Small molecule inhibition of MDM2-p53 interaction augments radiation response in human tumors
Menée sur des lignées de cellules cancéreuses humaines et à l'aide de xénogreffes, cette étude montre que AMG 232, une petite molécule inhibant l'interaction entre les protéines MDM2 et p53, augmente l'efficacité antitumorale des rayonnements ionisants
MDM2-p53 interaction and downstream signaling impacts cellular response to DNA damage. AMG 232 is a potent small molecule inhibitor that blocks the interaction of MDM2 and p53. We examined the capacity of AMG 232 to augment radiation response across a spectrum of human tumor cell lines and xenografts. AMG 232 effectively inhibited proliferation and enhanced radiosensitivity via inhibition of damage repair signaling.
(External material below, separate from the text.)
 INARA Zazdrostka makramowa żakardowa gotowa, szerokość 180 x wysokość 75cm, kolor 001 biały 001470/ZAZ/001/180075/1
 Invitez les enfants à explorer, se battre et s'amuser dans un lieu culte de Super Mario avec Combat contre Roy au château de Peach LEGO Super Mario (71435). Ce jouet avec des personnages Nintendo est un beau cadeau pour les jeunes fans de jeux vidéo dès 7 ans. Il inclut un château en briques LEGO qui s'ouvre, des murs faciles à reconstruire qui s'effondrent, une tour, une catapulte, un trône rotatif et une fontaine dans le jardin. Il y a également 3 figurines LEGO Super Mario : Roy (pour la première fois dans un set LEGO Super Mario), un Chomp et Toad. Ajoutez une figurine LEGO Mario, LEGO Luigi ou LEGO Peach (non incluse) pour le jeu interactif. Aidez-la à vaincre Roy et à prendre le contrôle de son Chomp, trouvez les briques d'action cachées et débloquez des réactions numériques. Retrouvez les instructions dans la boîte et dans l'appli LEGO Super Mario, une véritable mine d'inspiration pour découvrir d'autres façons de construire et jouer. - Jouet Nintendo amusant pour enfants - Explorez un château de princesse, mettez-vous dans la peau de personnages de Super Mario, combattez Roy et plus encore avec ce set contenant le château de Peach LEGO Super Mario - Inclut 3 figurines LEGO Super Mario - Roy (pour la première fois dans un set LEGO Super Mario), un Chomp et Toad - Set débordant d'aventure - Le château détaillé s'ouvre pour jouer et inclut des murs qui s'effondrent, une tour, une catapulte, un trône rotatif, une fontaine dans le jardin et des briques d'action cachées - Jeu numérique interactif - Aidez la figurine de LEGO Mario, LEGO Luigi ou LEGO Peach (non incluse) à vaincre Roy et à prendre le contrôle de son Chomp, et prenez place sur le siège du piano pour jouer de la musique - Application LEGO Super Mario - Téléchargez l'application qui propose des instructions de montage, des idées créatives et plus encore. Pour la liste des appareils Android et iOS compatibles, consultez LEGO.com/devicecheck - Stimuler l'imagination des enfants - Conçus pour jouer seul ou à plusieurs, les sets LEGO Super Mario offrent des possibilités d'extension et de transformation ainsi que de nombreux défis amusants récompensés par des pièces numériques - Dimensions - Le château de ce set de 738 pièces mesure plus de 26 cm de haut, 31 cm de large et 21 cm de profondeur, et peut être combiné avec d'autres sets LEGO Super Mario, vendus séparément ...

Combined AMG 232 and radiation treatment resulted in the accumulation of
γH2AX-related DNA damage and induction of senescence with promotion of apoptotic and/or autophagic cell death. Several molecules involved in senescence, autophagy and apoptosis were specifically modulated following the combined AMG 232/radiation treatment, including FoxM1, ULK-1, DRAM and BAX. In vivo xenograft studies confirmed more potent anti-tumor and anti-angiogenesis efficacy with combined AMG 232/radiation treatment than treatment with drug or radiation alone. Taken together, these data identify the capacity of AMG 232 to augment radiation response across a variety of tumor types harboring functional p53.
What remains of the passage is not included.